TASK PROMPT
Keeping pictures out, repeat the lines of the listing below exactly, starting at its first line and finishing with the one that holds "- Breathable and".
----------
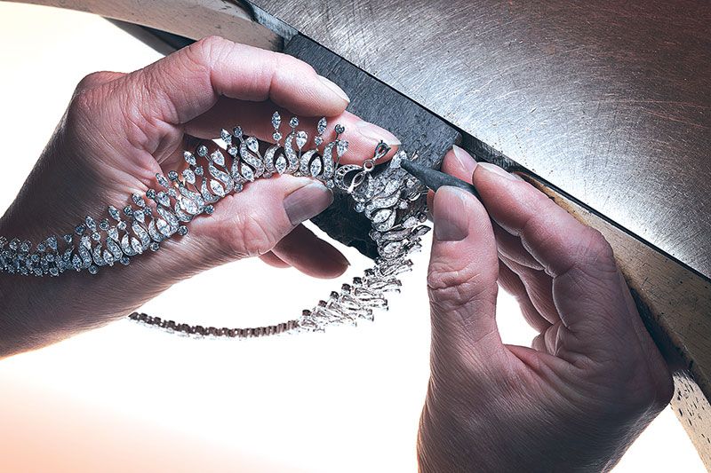 อีกหนึ่งความเชี่ยวชาญที่บ่มเพาะมาใน “Ateliers de l’Extraordinaire” มาอย่างยาวนาน คือศาสตร์แห่งการทำทอง ที่นี่ช่างฝีมือได้นำทองคำมาผ่านกรรมวิธีขึ้นรูปและแกะสลัก เพื่อให้ได้เส้นสายที่อ่อนนุ่มและบางเบาราวกับเส้นไหม หรือจะเป็นดีไซน์อสมมาตรและเส้นสายที่โค้งเว้าของชิ้นงานในเซต Voluptuous Ribbon และ Generous Laces ที่เชิดชูความเชี่ยวชาญของเมซงได้อย่างเหนือจินตนาการ ขณะที่การเจียระไนทรงมาร์คีส์ 55 เหลี่ยม ซึ่งถือเป็นซิกเนเจอร์คัตเลื่องชื่อ ก็ถูกนำมาใช้ทั่วทั้งคอลเลคชั่นเพื่อส่งมอบประกายงามที่แตกต่างและชวนหลงใหลกว่าที่เคย
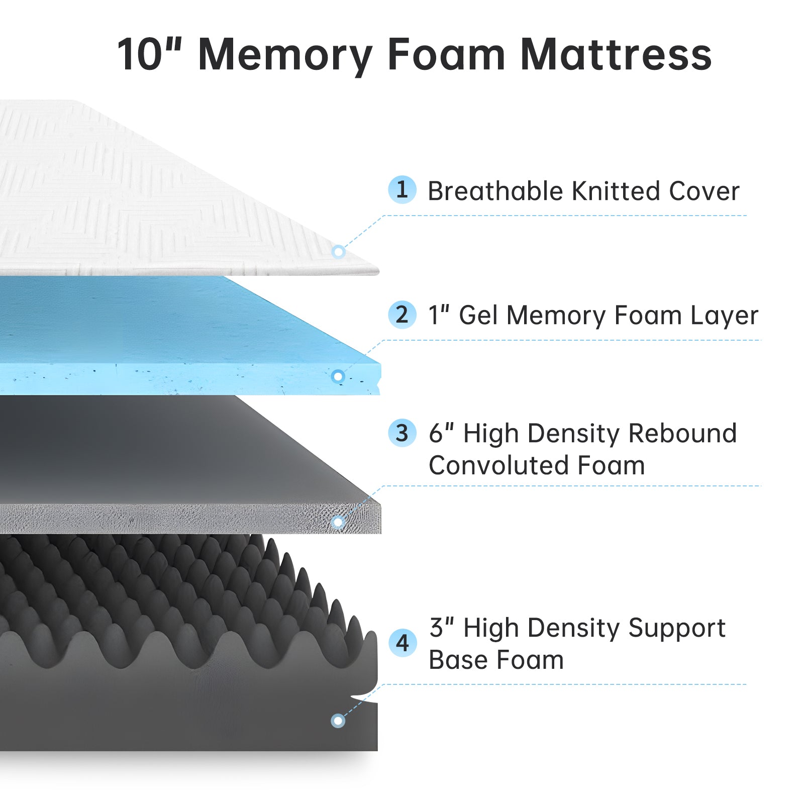 - Breathable and Comfortable: With free airflow between memory foam and internal gel particles keeping the mattress cool around the clock, the cool gel memory foam contours to your body for a cooler, sweeter sleep.
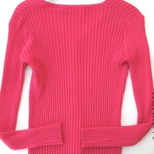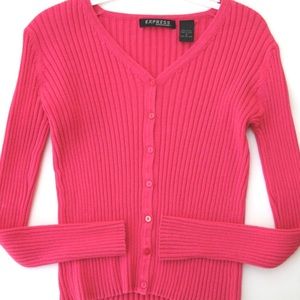 Vintage Y2K 90s Express womens long sleeve V-neck cardigan sweater button up top blouse in fuchsia/pink-red (neon berry color?) ribbed textured fabric with button closures at front - womens sweater, sweater for women. Stretchy fabric material. Excellent condition, pre-owned. Material is 100% COTTON. Womens sweaters great as casual wear during winter or fall season, etc. Hurry! We only have ONE PIECE of this item!
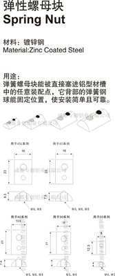 彈簧螺母塊能被直接塞進(jìn)鋁型材槽中的任意裝配點(diǎn),它背部的彈簧鋼球能固定位置,使安裝簡(jiǎn)單且可靠。
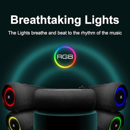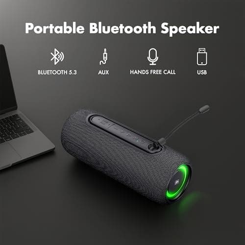 Bluetooth Speaker Wireless,IP67 Waterproof & Dustproof Portable Speaker with Lights,15W Loud Stereo Sound, 2500mAh Battery All Day Playtime, TWS Pairing, BT5.3, Home/Party/Outdoor/Beach (Black)
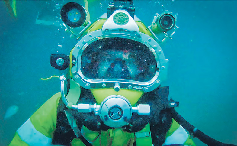 His astronaut-style helmet also carries communication cables, a video camera and lights. Jason said his work involved various dive depths and dive durations.
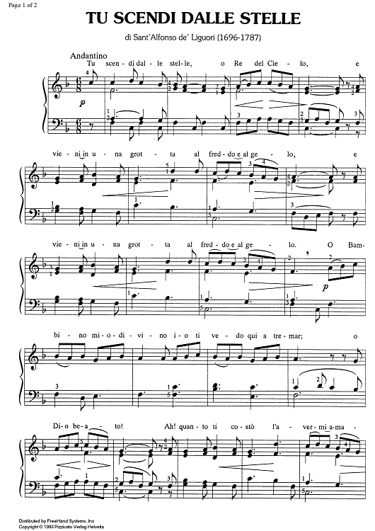 "Tu scendi dalle stelle" Sheet Music by S. Alfonso de' Liguori
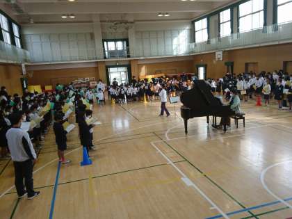 音楽集会 公開日 2021/10/21 更新日 2021/10/21 その他 コロナが流行してからなかなかできていなかった音楽集会ですが、感染対策をしっかりして、本当に久しぶりに実施しました。 100周年に向けて、校歌やつるまちソングの練習をしましたが、朝から子どもたちの歌声が聴けるのはとても気持ちがいいです。 いいね(0)
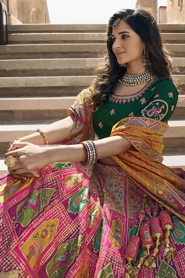 Multi Color Banarasi Silk Engaging Bridal Lehenga
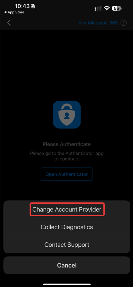 Puis ensuite sur "Change account Provider" ou "Changer de fournisseur" :
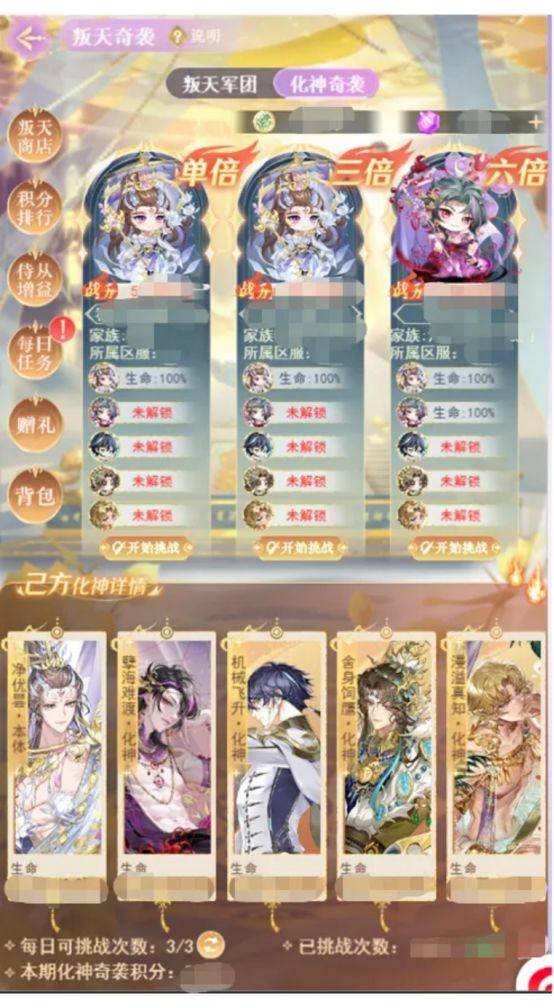 6、叛天奇袭最终将根据个人累计的本期积分总数、家族累计的本期积分总数、化神奇袭中的活动积分分别进行排名,名次越靠前获得的奖励越好;个人排行有机会获得奖励神御·紫炁极、神御·亿姹时、神御·嫣之语、神御·绶金垂,排名第一还可获得限时称号“叛天梦魇”,排行第二至第五将获得限时称号“不败王者”;家族排行有机会获得活动兑换卡、灵犀、天命解封石礼包、幻翼精魄、银币,排名第一还可获得限时族徽“平叛光印”,排名第二至第五将获得限时族徽“骁勇圣刻”;【化神奇袭】排行榜中有机会获得帝释天闪卡礼盒、神御·紫炁极、神御·亿姹时、神御·嫣之语等奖励
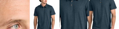 A budget-friendly choice, this remarkably soft tee is created from a CVC blend for an eye-catching texture. 4.5-ounce, 60/40 cotton/poly 1x1 rib knit neck Shoulder to shoulder taping Tear-away label Please note: This product is transitioning from white to black tear-away labels. Your order may contain a combination of both colored labels.
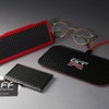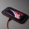 カーボンファイバーの織目を立体的な型押しで再現したリアルな触感・質感のPUレザーを表皮に、中央にはGT-Rのエンブレムを美しくプリントしています。充電器の形状は角が丸くて薄いトレー状。裏面は滑りにくい素材なので安定して設置できます。
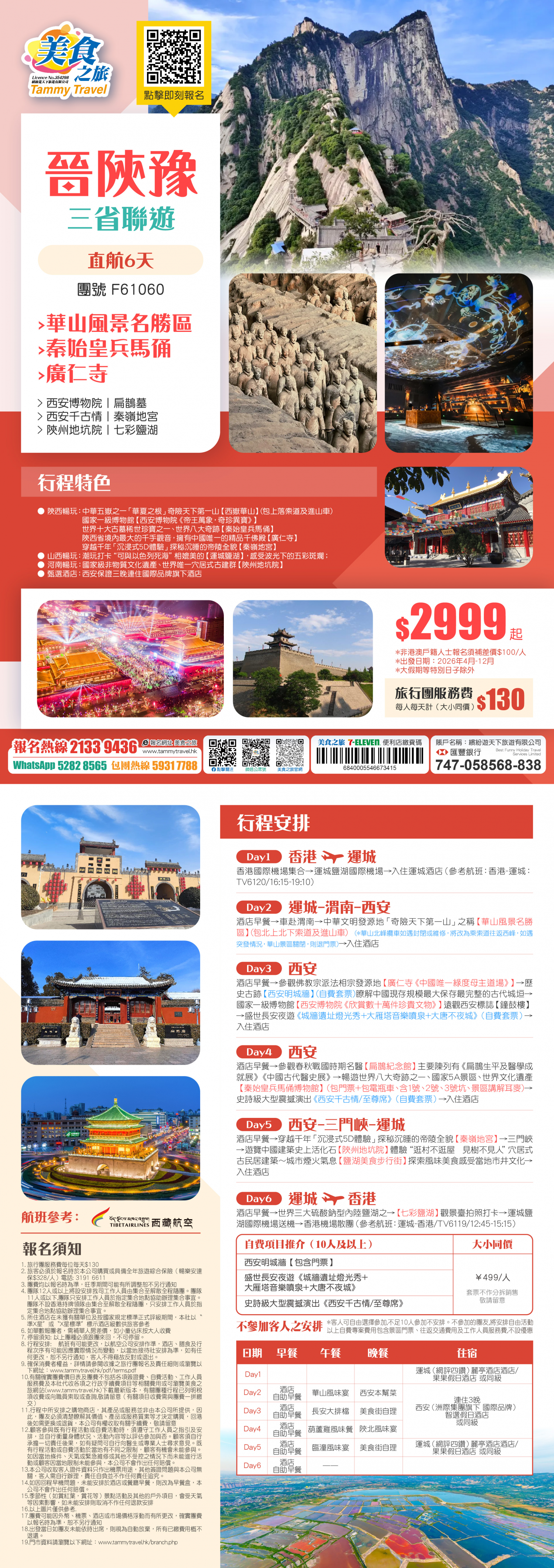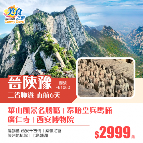 香港直航、純玩【晉、陝、豫三省聯遊】華山風景名勝區(包上落索道及進山車)、西安博物院、秦始皇兵馬俑、西安千古情、秦嶺地宮、陝州地坑院、七彩鹽湖純玩六日遊
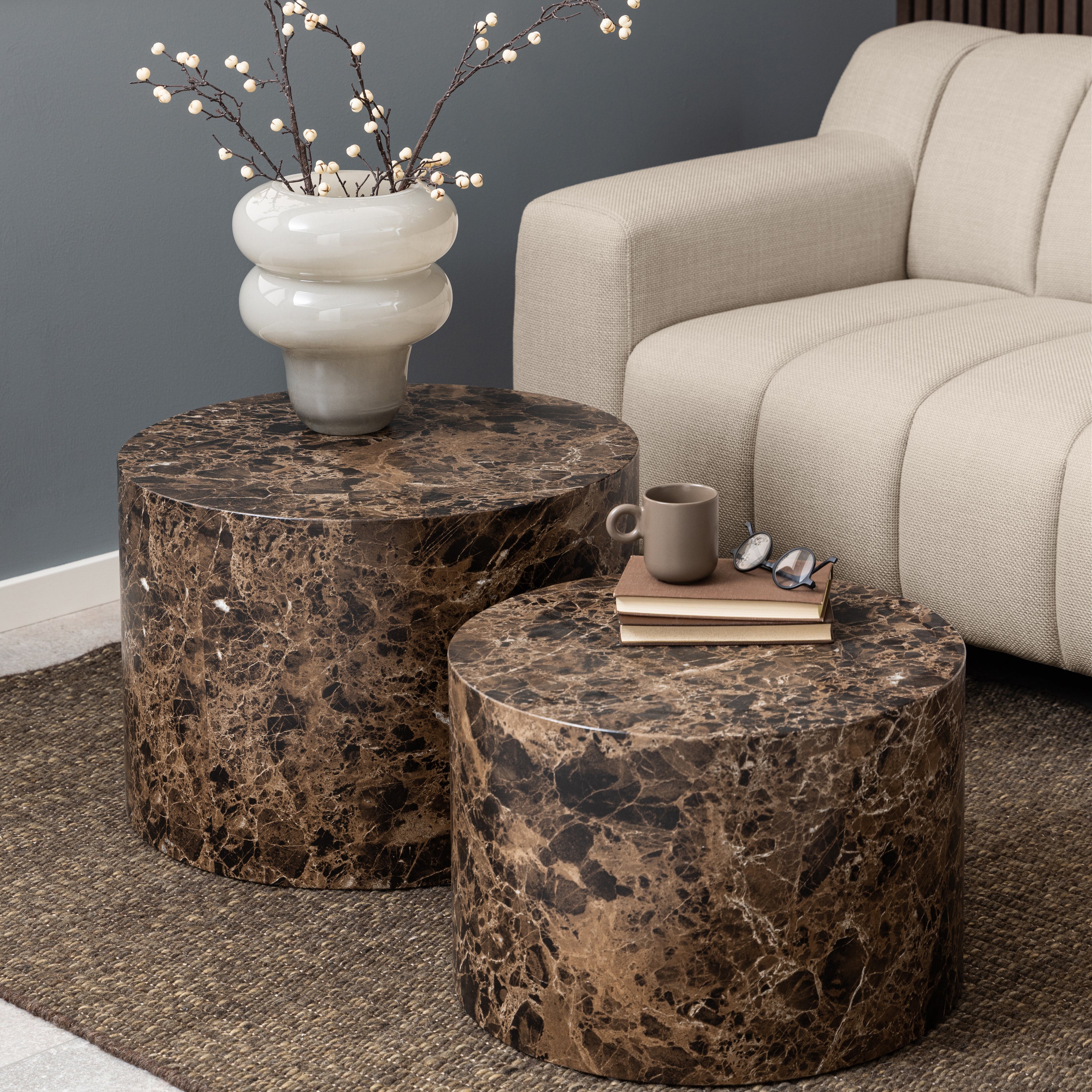 - Set van twee ronde bijzettafels van H 33/40 x Ø 50/58 cm
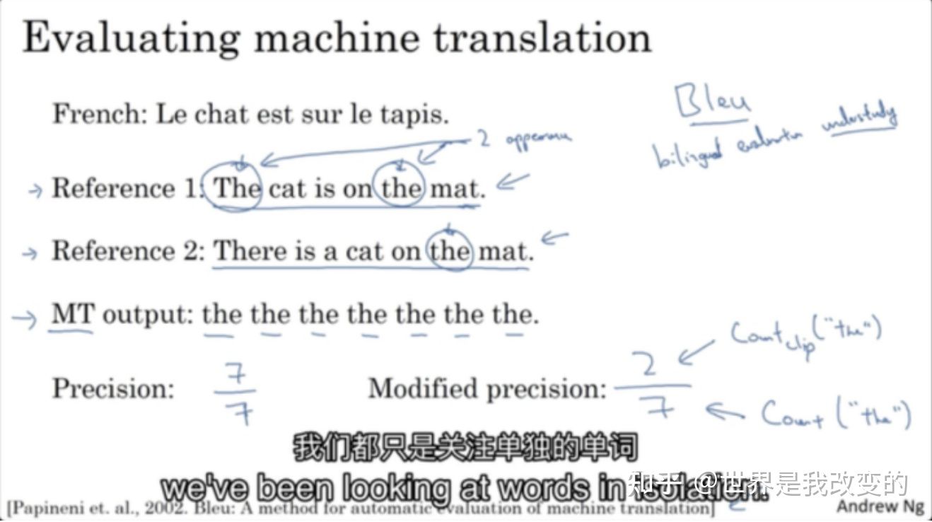 - 一种方法叫做 Precision(精确度):看机器翻译的每一个词,有没有在翻译参考中出现。在上面的案例中,虽然全是 the 是一个非常糟糕的翻译结果,但是 Precision = 7/7 = 1(感觉这种衡量方法不靠谱)
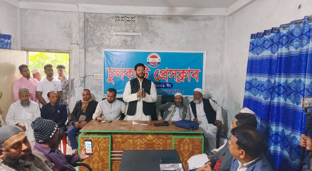 বাগেরহাট-২ আসনের বাংলাদেশ জামায়াত ইসলামীর মনোনীত প্রার্থী শেখ মনজুরুল হক রাহাত চুলকাটি প্রেসক্লাবের সাংবাদিকদের সাথে মতবিনিময় করছেন।
----------
EXERCISE ANSWER
 อีกหนึ่งความเชี่ยวชาญที่บ่มเพาะมาใน “Ateliers de l’Extraordinaire” มาอย่างยาวนาน คือศาสตร์แห่งการทำทอง ที่นี่ช่างฝีมือได้นำทองคำมาผ่านกรรมวิธีขึ้นรูปและแกะสลัก เพื่อให้ได้เส้นสายที่อ่อนนุ่มและบางเบาราวกับเส้นไหม หรือจะเป็นดีไซน์อสมมาตรและเส้นสายที่โค้งเว้าของชิ้นงานในเซต Voluptuous Ribbon และ Generous Laces ที่เชิดชูความเชี่ยวชาญของเมซงได้อย่างเหนือจินตนาการ ขณะที่การเจียระไนทรงมาร์คีส์ 55 เหลี่ยม ซึ่งถือเป็นซิกเนเจอร์คัตเลื่องชื่อ ก็ถูกนำมาใช้ทั่วทั้งคอลเลคชั่นเพื่อส่งมอบประกายงามที่แตกต่างและชวนหลงใหลกว่าที่เคย
 - Breathable and Comfortable: With free airflow between memory foam and internal gel particles keeping the mattress cool around the clock, the cool gel memory foam contours to your body for a cooler, sweeter sleep.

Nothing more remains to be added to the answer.